Disaster Looms as Abandoned Tanker Drifts off Yemen’s Coast
Disaster Looms as Abandoned Tanker Drifts off Yemen’s Coast

AL JAZIRAH, YEMEN — Yemen’s civil war has generated the perfect conditions for a massive oil spill to happen.

Here are the details: The Guardian reports that an abandoned and rusting oil tanker with 1.1 million barrels of oil on board is like a ticking time bomb that can easily break up and cover the Yemen coastline under tons of crude oil.

The FSO Safer is a single-hulled tanker that carries four times more oil than was spilled during the massive Exxon Valdez disaster in 1989.

The ship was abandoned in 2017 and keeps on deteriorating while Yemen’s Houthi rebels fight a civil war against a Saudi-led coalition on the land next to it.

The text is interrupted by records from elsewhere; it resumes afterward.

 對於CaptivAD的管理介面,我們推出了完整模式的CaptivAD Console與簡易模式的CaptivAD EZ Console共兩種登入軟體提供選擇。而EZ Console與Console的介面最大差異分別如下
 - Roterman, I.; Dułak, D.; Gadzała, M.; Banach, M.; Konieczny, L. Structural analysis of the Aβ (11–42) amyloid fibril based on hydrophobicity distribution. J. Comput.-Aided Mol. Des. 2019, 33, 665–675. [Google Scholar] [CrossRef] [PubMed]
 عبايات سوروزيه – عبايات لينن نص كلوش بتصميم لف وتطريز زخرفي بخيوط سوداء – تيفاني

In May 2020, water entered the ship’s engine room through a leaking pipe, and the vessel's fire extinguishing system is now non-operational, according to a study published in the journal Nature Sustainability.

Researchers say a hull breach would cover important coral reefs in oil, while also closing desalination plants and cutting 9 million people off from clean water.

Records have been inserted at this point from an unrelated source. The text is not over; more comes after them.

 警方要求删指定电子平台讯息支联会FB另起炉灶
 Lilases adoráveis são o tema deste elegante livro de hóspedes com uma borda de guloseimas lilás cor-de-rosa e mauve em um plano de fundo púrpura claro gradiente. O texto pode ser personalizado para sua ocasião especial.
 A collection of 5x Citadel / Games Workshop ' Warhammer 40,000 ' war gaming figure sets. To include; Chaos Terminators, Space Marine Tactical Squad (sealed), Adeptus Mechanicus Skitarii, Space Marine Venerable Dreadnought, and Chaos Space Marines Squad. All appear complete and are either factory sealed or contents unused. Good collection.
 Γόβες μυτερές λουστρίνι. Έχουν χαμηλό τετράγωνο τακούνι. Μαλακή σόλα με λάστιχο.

The likely oil spill would also destroy a big part of Yemen’s fish sources at a time when the country is starting to suffer from a famine.

The rebels, who control the area where the ship is located, have previously blocked UN inspectors from assessing the vessel.

However, the Houthis have repeatedly blamed the Saudi-led coalition that is fighting them for preventing UN inspectors access to the tanker.